David, the way I read the data, we’re doing about average for a western, fatter country. Regarding the notion that increased central control would have helped, perhaps it would if those who wanted to do the controlling were halfway competent. Sadly that is not the case. Fauci’s come out on both sides of face masks, and neither he nor others at NIH/CDC read the riot act to governors who were sending COVID patients into nursing homes. He’s also been silent as ICE sends people diagnosed with COVID north from the border, as if we need a few hundred more people with COVID in the general population.
Also of note is that he’s not read the riot act to those who decided that all of us need to be quarantined instead of protecting the most vulnerable and isolating those with the disease, and he’s not paid much attention to the very real costs of isolation, despair, and deferred healthcare.

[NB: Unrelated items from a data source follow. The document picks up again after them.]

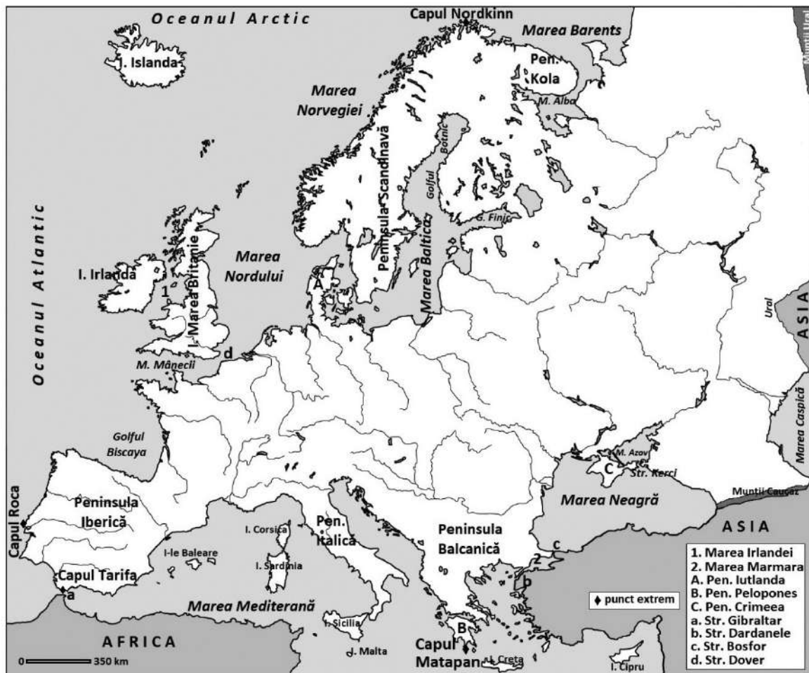
Fig. 1. Spațiul european

d. strâmători: Kerçi (leagă mările Azov și Neagră), Bosfor (între Europa și Asia, leagă mările Neagră și Marea Marmara), Dardanele (între Europa și Asia, leagă mările Marmara și Egee), Messina (între Peninsula Calabria și Insula Sicilia, leagă mările Ionică și Tireniană), Gibraltar (între Europa și Africa, leagă Marea Mediterană de Oceanul Atlantic), Pas de Calais/Dover (leagă mările Mânecii și Nordului) etc.
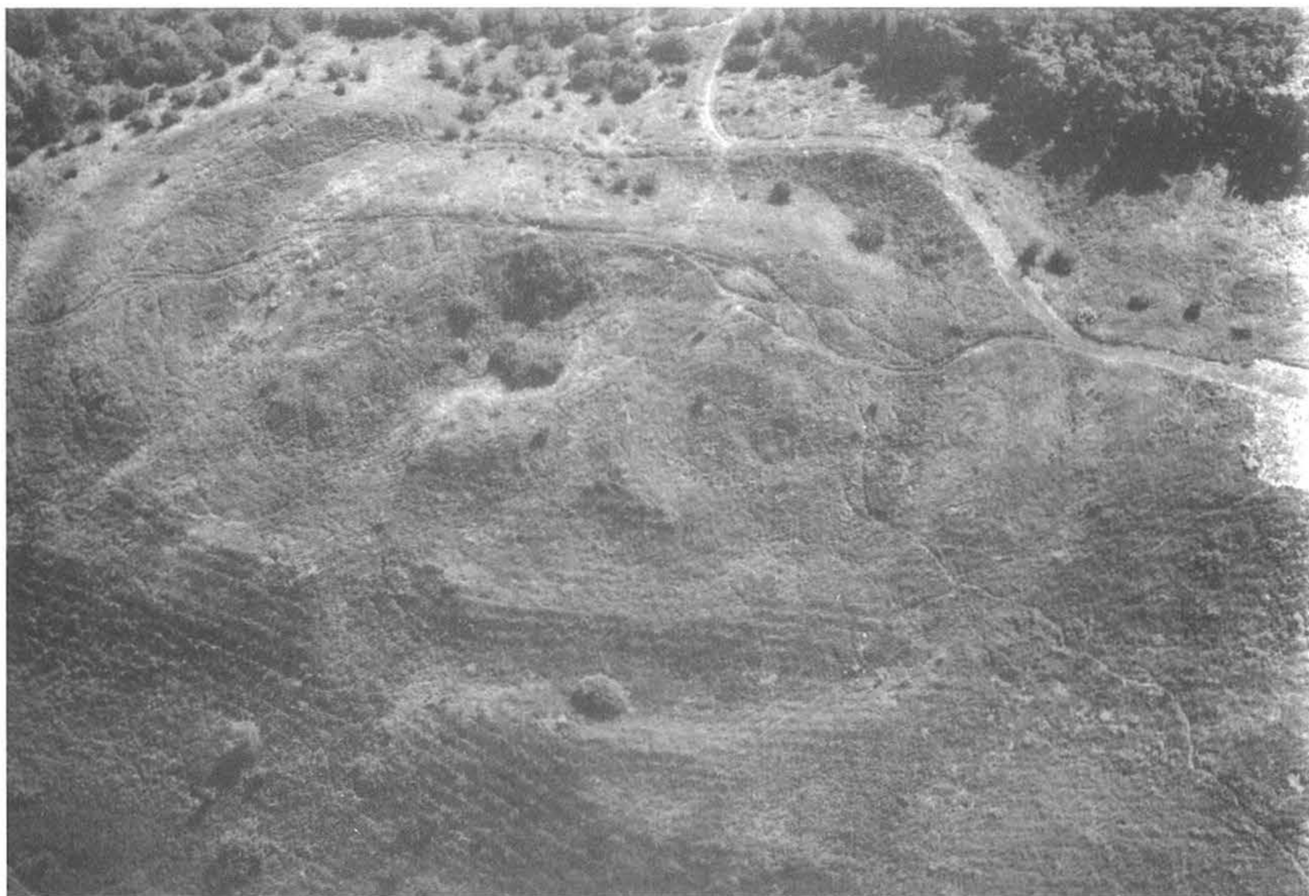
5. kép, Fig. 5: Galgahévíz, Szentandráspart (2006. július 5.; July 5, 2006)
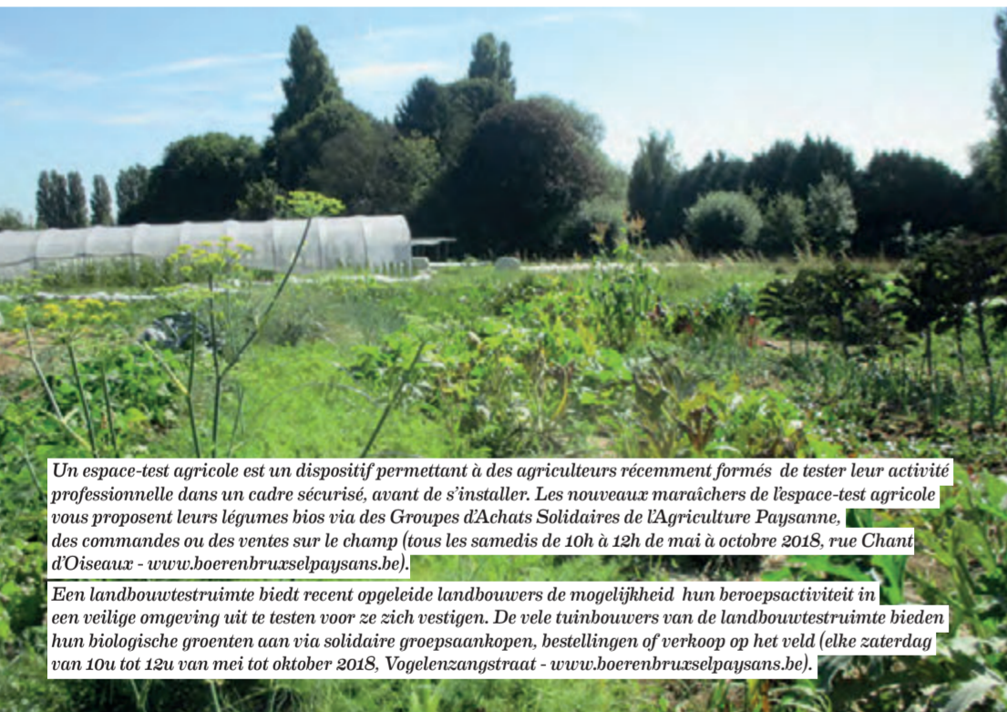
Un espace-test agricole est un dispositif permettant à des agriculteurs récemment formés de tester leur activité professionnelle dans un cadre sécurisé, avant de s'installer. Les nouveaux maraichers de l'espace-test agricole vous proposent leurs légumes bios via des Groupes d'Achats Solidaires de l'Agriculture Paysanne, des commandes ou des ventes sur le champ (tous les samedis de 10h à 12h de mai à octobre 2018, rue Chant d'Oiseaux - www.boerenbruxselpaysans.be). Een landbouwtestruimte biedt recent opgeleide landbouwers de mogelijkheid hun beroepsactiviteit in een veilige omgeving uit te testen voor ze zich vestigen. De vele tuinbouwers van de landbouwtestruimte bieden hun biologische groenten aan via solidaire groepsaankopen, bestellingen of verkoop op het veld (elke zaterdag van 10u tot 12u van mei tot oktober 2018, Vogelzangstraat - www.boerenbruxselpaysans.be).
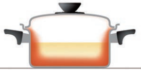
全面多層構造のビタクラフト 側面にも効率よく熱が伝導
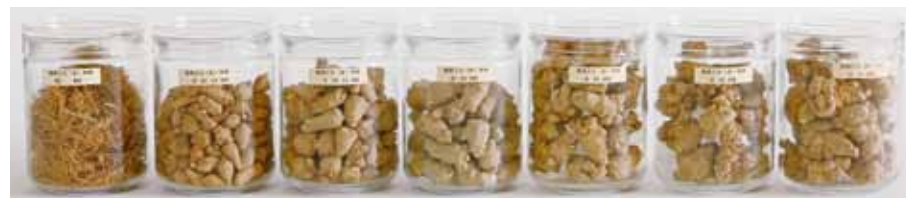
田七人參の頭級別比較

田七人參は中国の雲南省、海拔約1000m~2000mの限られた地域で栽培されています。昔からお金に換えられないほど貴重な人參として「金不換」と呼ばれる秘薬です。田七人參の成分は、デンシチン、田七サポニン、田七ケトン、アルギニン、有機ゲルマニウムなどを含み、これらの成分は肝機能を高める、血中コレステロールの減少、血液の循環を促進して心臓の負担を減少させたりします。また免疫力を向上させることで生活習慣病の予防や滋養強壮、疲労回復、肩こりの改善などに期待できます。
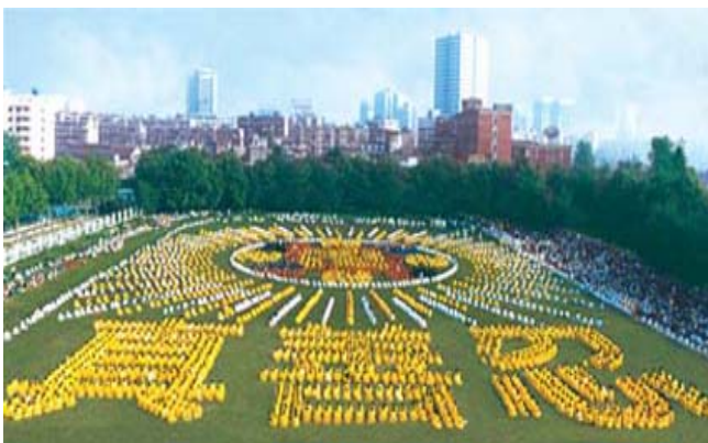
湖北省武汉市，5000多法轮功学员集体炼功，组排“法轮图形”和“真善忍”（1997）

1995年1月法轮功主要著作《转法轮》由中国广播电视出版社出版发行，《转法轮》自出版后一直供不应求，1996年1月被《北京青年报》列入北京市十大畅销书。
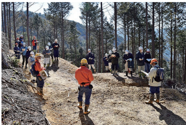
間伐後1年目箇所での林況説明

今回の現地検討会は、列状間伐の推進を図ることを目的に開催したもので、列状間伐実施後1年、4年、12年が経過した間伐箇所を実際に見ていただきました。

(and since you bring up your expertise, my source for a lot of this is a pathologist at Mayo who does a lot of work in infectious disease and immunity)
No doubt there are a lot of things we don’t know, and the low rates of infection and death reported in Asia are tantalizing hints at what might have been achieved with competent leadership, but the sad fact of the matter is that we don’t have that, and hence the correlation between the strictness of lockdowns and extent of COVID is actually somewhat positive in our country. Really, a lot of the actions of Democratic governors seem to be consistent with the notion that if they torpedo the economy, they were more likely to get rid of “Bad Orange Man.”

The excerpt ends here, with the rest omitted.